[TASK DESCRIPTION]: Below are records with pictures in them. Output exactly the lines from the one with "2026年3月6日,由伟德国" through the one with "La TRK Leather", both included, and leave every picture out; give only those lines.
------ SUPPLIED MATERIAL
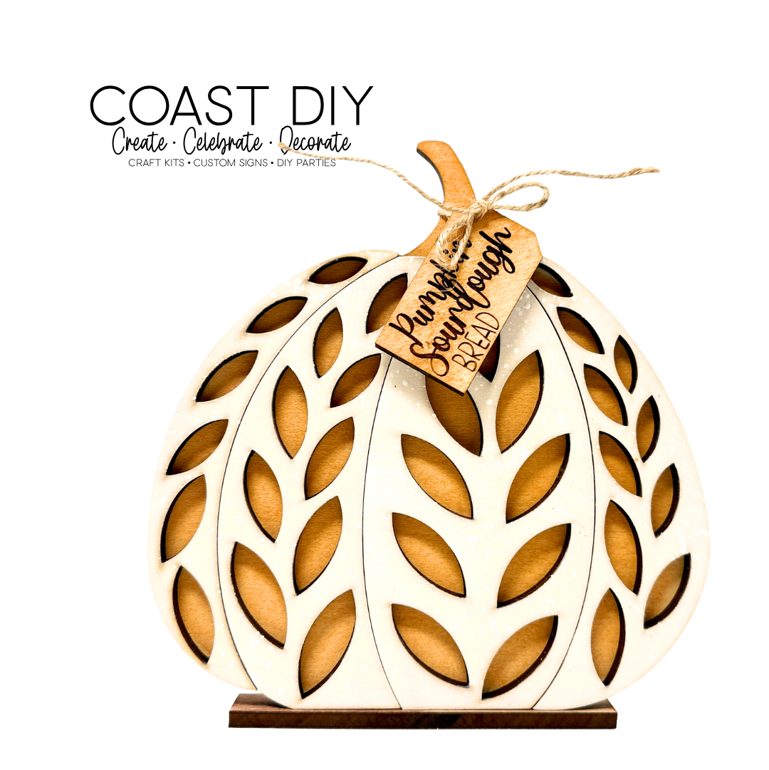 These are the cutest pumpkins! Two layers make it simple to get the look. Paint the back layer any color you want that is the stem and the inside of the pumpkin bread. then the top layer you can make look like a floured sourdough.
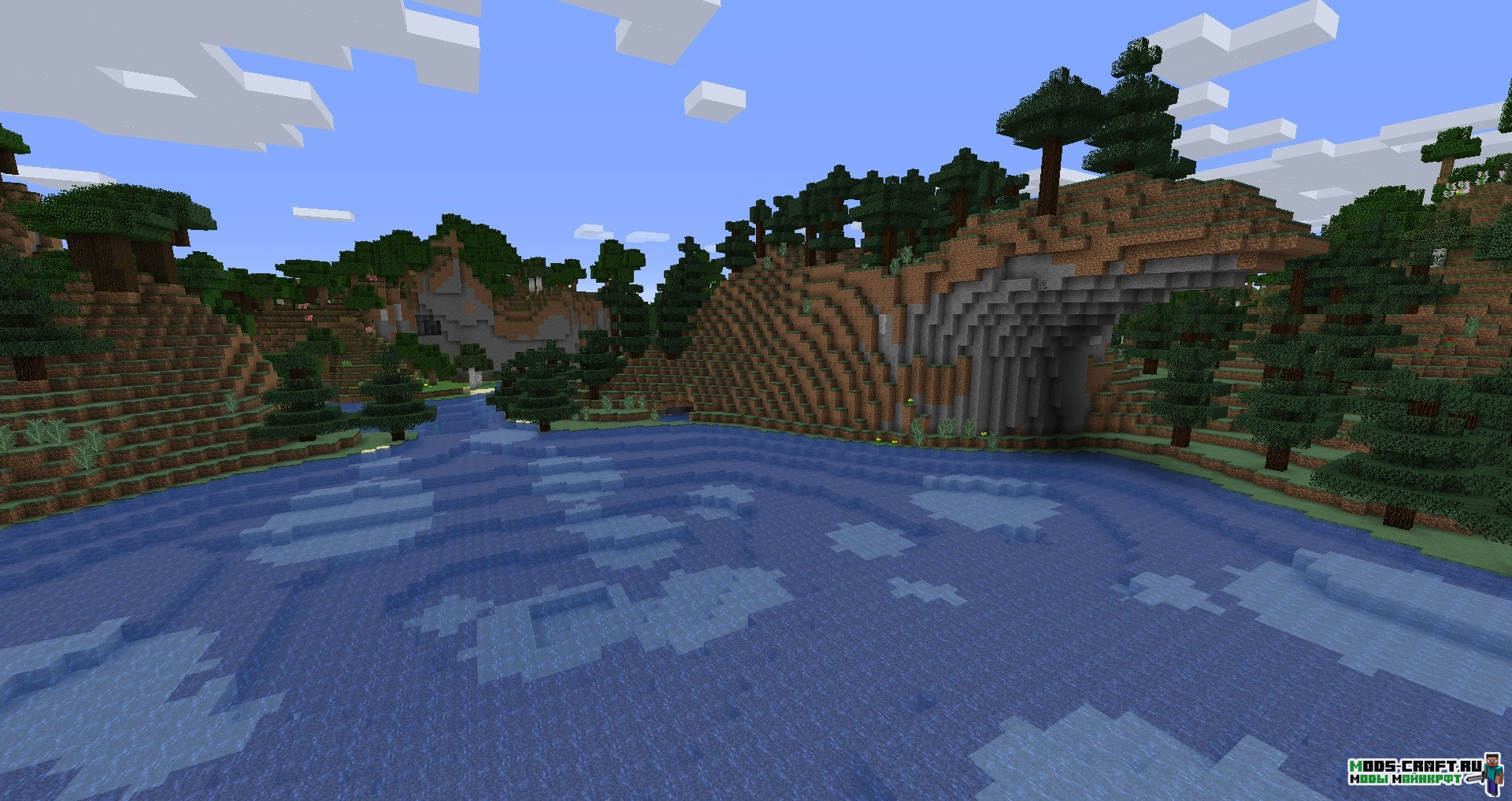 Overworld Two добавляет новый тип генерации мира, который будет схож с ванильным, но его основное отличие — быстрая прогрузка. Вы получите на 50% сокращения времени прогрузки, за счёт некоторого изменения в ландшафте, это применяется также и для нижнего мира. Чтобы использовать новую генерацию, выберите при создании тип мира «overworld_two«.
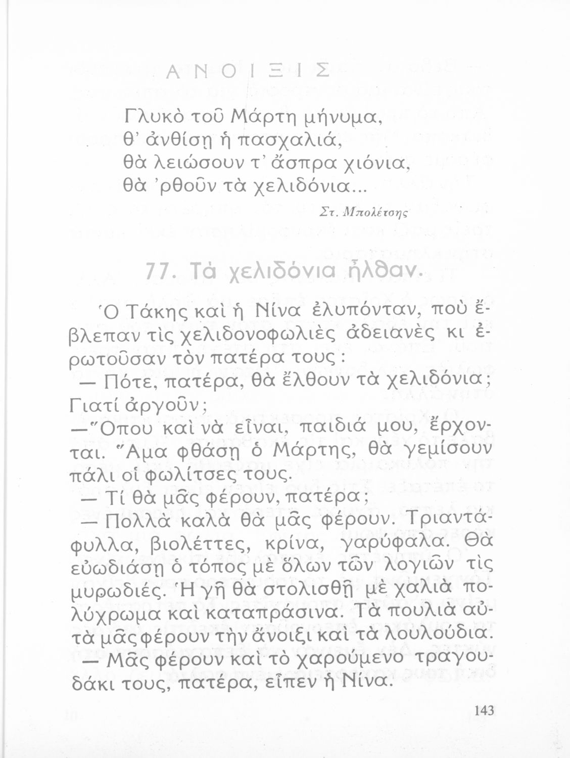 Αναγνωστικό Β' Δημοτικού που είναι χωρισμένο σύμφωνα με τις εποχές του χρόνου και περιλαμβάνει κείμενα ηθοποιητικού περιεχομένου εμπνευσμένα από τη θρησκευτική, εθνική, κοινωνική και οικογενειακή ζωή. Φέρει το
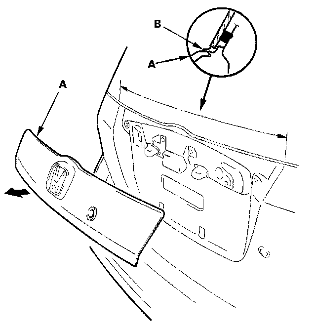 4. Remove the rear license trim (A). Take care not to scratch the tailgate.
------------
------ SUPPLIED MATERIAL
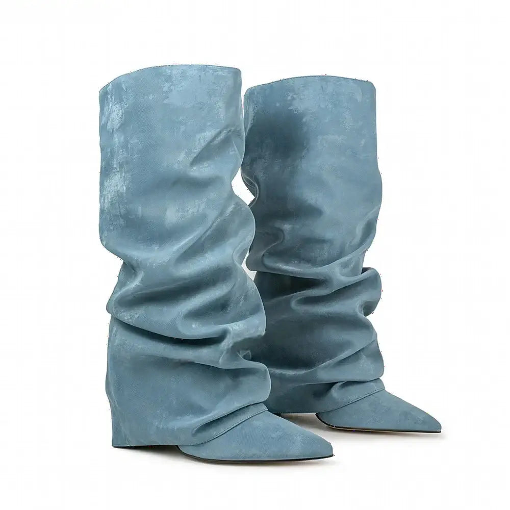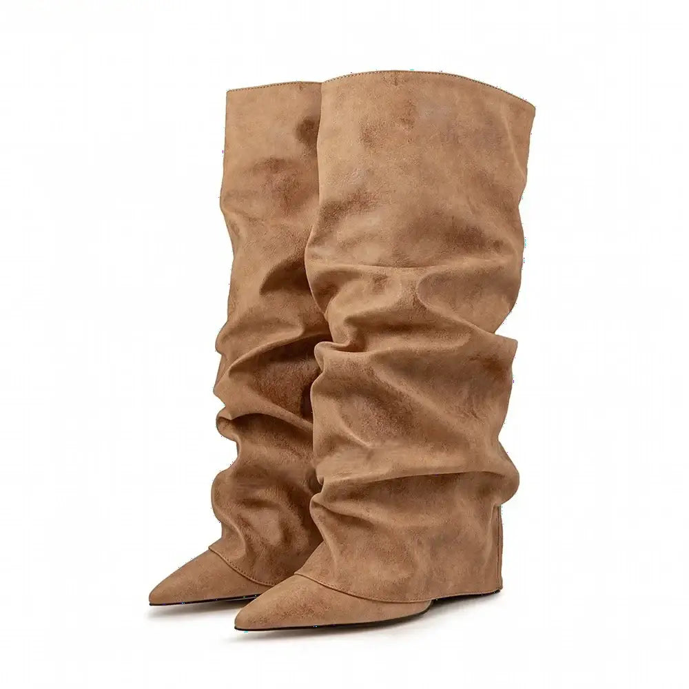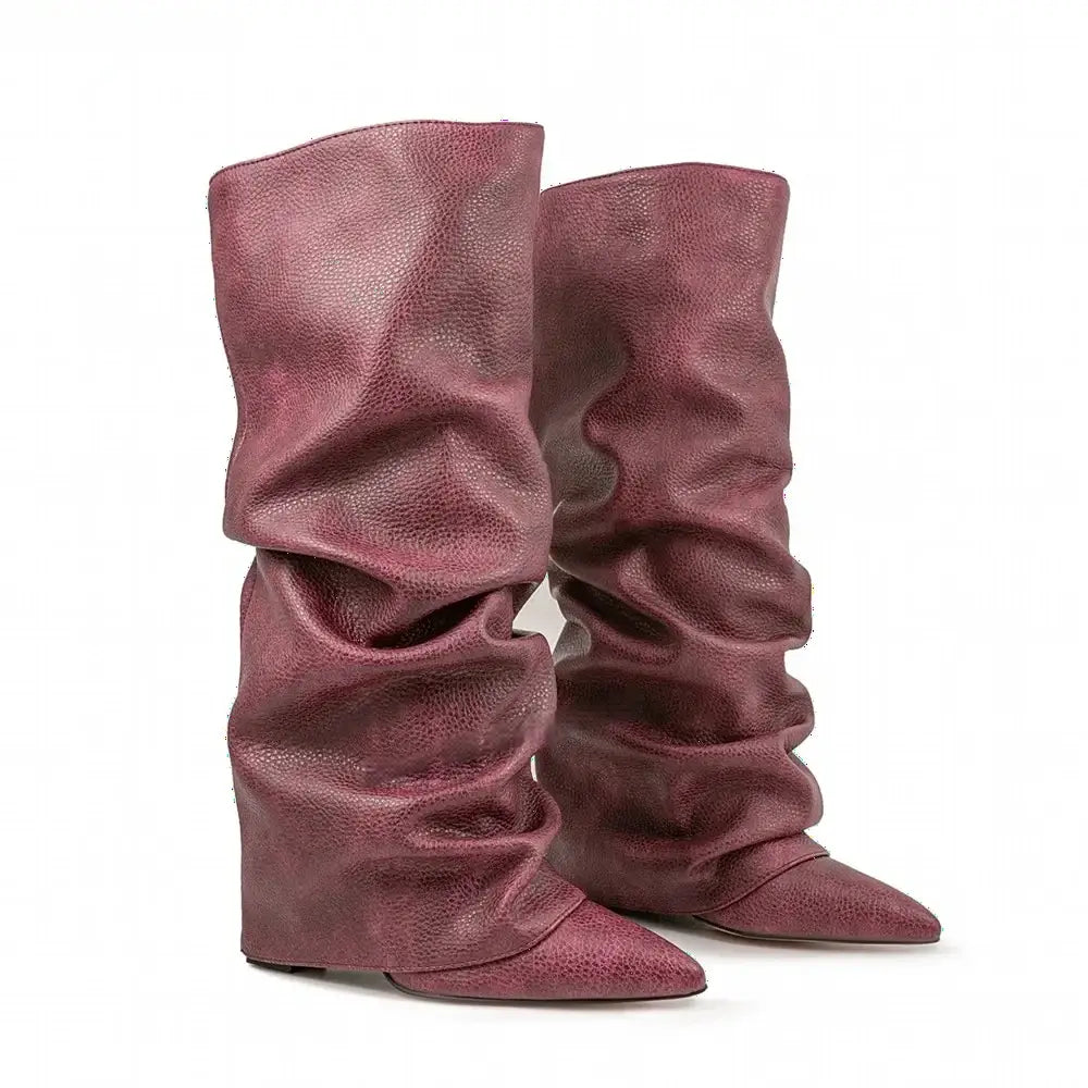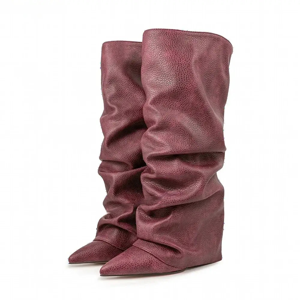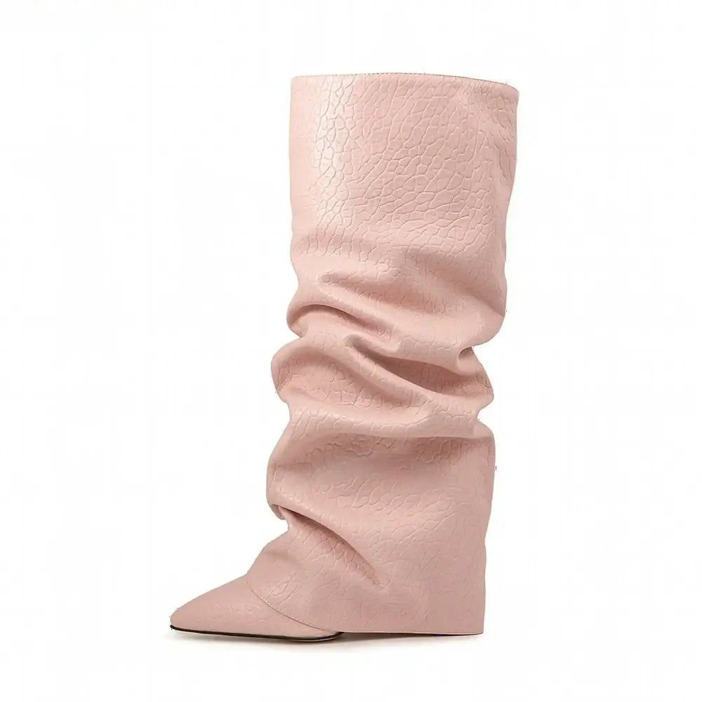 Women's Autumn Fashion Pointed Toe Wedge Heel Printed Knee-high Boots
------------
------ SUPPLIED MATERIAL
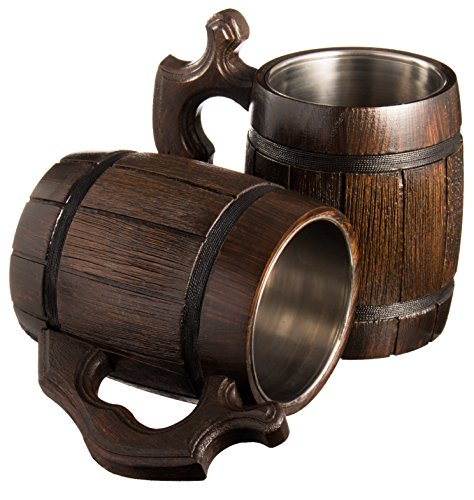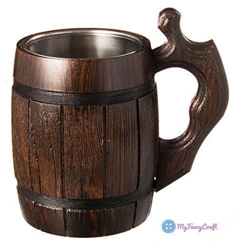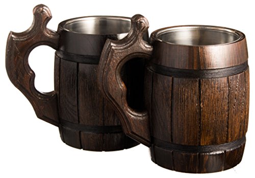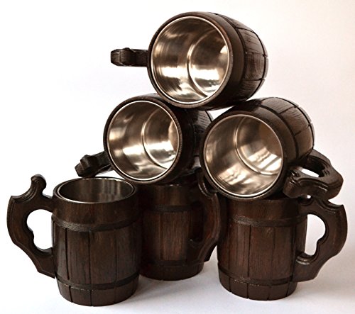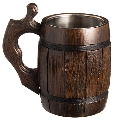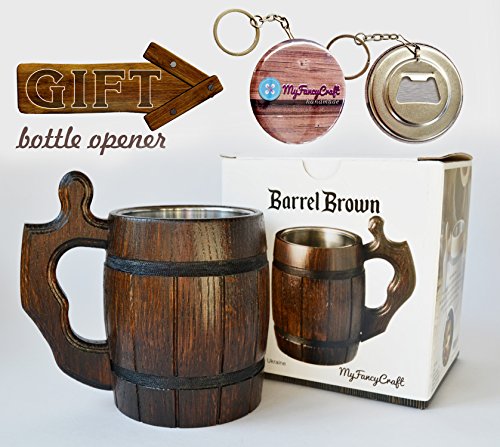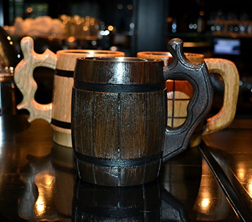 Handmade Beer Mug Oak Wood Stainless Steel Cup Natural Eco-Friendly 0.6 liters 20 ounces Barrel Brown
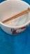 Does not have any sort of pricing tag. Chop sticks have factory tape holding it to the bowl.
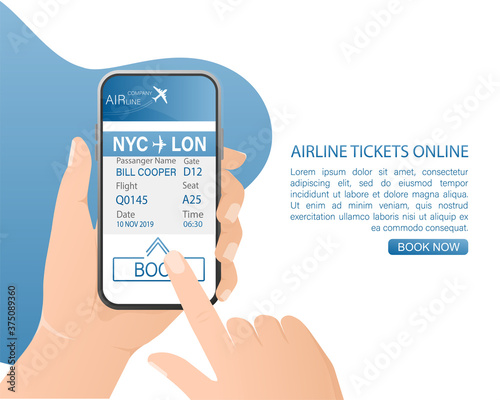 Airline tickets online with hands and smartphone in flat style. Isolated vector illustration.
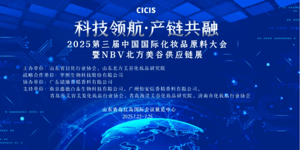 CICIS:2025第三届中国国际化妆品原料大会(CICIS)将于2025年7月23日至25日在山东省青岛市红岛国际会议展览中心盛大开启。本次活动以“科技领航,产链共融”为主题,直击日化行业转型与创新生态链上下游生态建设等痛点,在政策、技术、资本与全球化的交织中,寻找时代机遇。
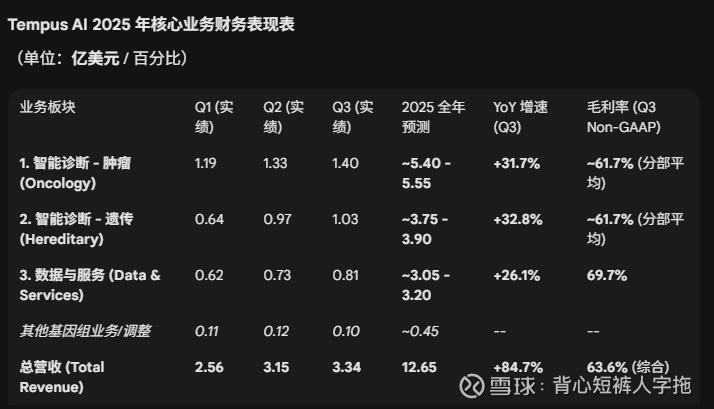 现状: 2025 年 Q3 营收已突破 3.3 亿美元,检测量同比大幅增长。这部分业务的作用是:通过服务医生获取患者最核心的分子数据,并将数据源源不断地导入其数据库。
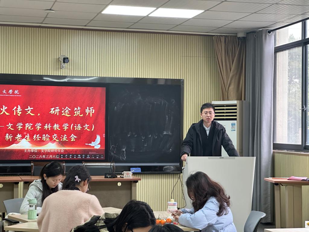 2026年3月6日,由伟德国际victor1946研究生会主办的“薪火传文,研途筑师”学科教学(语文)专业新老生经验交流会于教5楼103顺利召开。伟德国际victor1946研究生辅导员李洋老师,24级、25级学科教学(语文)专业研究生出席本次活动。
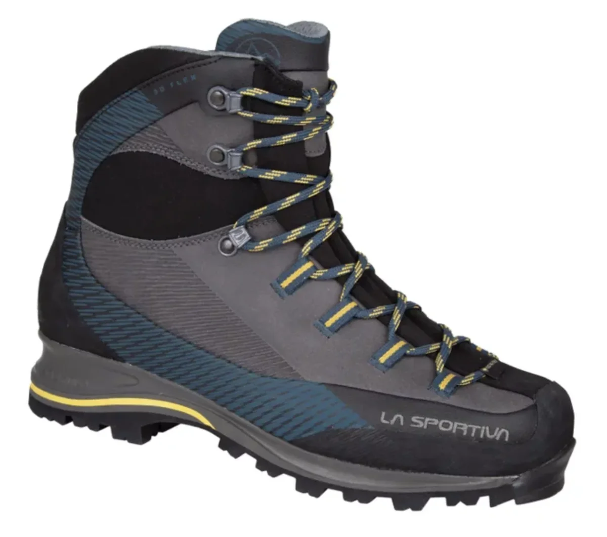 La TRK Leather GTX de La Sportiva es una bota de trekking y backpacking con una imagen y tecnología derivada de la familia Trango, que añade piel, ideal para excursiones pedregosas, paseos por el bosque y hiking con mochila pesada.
------------
[EXERCISE SOLUTION]:
 2026年3月6日,由伟德国际victor1946研究生会主办的“薪火传文,研途筑师”学科教学(语文)专业新老生经验交流会于教5楼103顺利召开。伟德国际victor1946研究生辅导员李洋老师,24级、25级学科教学(语文)专业研究生出席本次活动。
 La TRK Leather GTX de La Sportiva es una bota de trekking y backpacking con una imagen y tecnología derivada de la familia Trango, que añade piel, ideal para excursiones pedregosas, paseos por el bosque y hiking con mochila pesada.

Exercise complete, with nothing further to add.